Re: The Practical Benefits of the Relational Model

From: Jonathan Leffler <jleffler_at_earthlink.net>
Date: Thu, 17 Oct 2002 05:38:05 GMT
Message-ID: <3DAE4CAC.90204_at_earthlink.net>


Lauri Pietarinen wrote:

>>Out of interest, how does D4 insert into this view?
>>
>> (A UNION B) MINUS (A INTERSECT B)
>>
>>It seems to me to be entirely arbitrary to insert into A rather than B, or
>>vis-versa, and only slightly less arbitrary to not allow any inserts at
>>all.

I managed to confuse someone with a passing reference to Venn Diagrams once upon a couple of weeks ago - I intended to get around to explaining myself (since I *did* do a very bad job the first time).

If I read Date's article/chapter on 'Updating Union, Intersection and Difference Views' correctly, then where a value is inserted depends on the table predicates of both the view as a whole and the underlying tables. In the example under discussion, the view V has predicate PV and the tables A and B have predicates PA and PB respectively.

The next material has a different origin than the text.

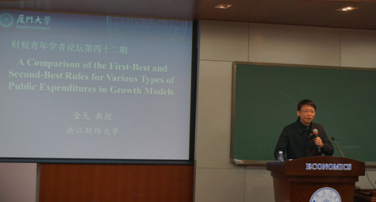3月28日下午,厦门大学经济学院财政系主办的“财税青年学者论坛第四十二期”学术讲座在经济学院N302顺利举行。中心金戈教授应邀做了题为“A Comparison of the First-Best and Second-Best Rules for Various Types of Public Expenditures in Growth Models”的精彩讲座。

In the general case, if you have a view U = Y UNION Z, with predicate PU = PY OR PZ, and you attempt to insert a row R into V, then R must satisfy PU, and if R satisfies PY, then R is inserted into Y, and if R satisfies PZ, then R is inserted into Z (so R might be inserted into either table or both tables, and the order of insertion is undefined).   Similarly, if you have M = Y MINUS Z, then R must satisfy PM = PY AND NOT PZ, and R is inserted into Y. And, if you have I = Y INTERSECT Z, then R must satisfy PI = PY AND PZ, and R is inserted into both Y and Z. In the case of both views I and U, no error is raised if inserting into X also places the value in Y or vice versa (which can only happen (I think) if X or Y is a view based on the other, or if X and Y are both views based on some other common table (or view)).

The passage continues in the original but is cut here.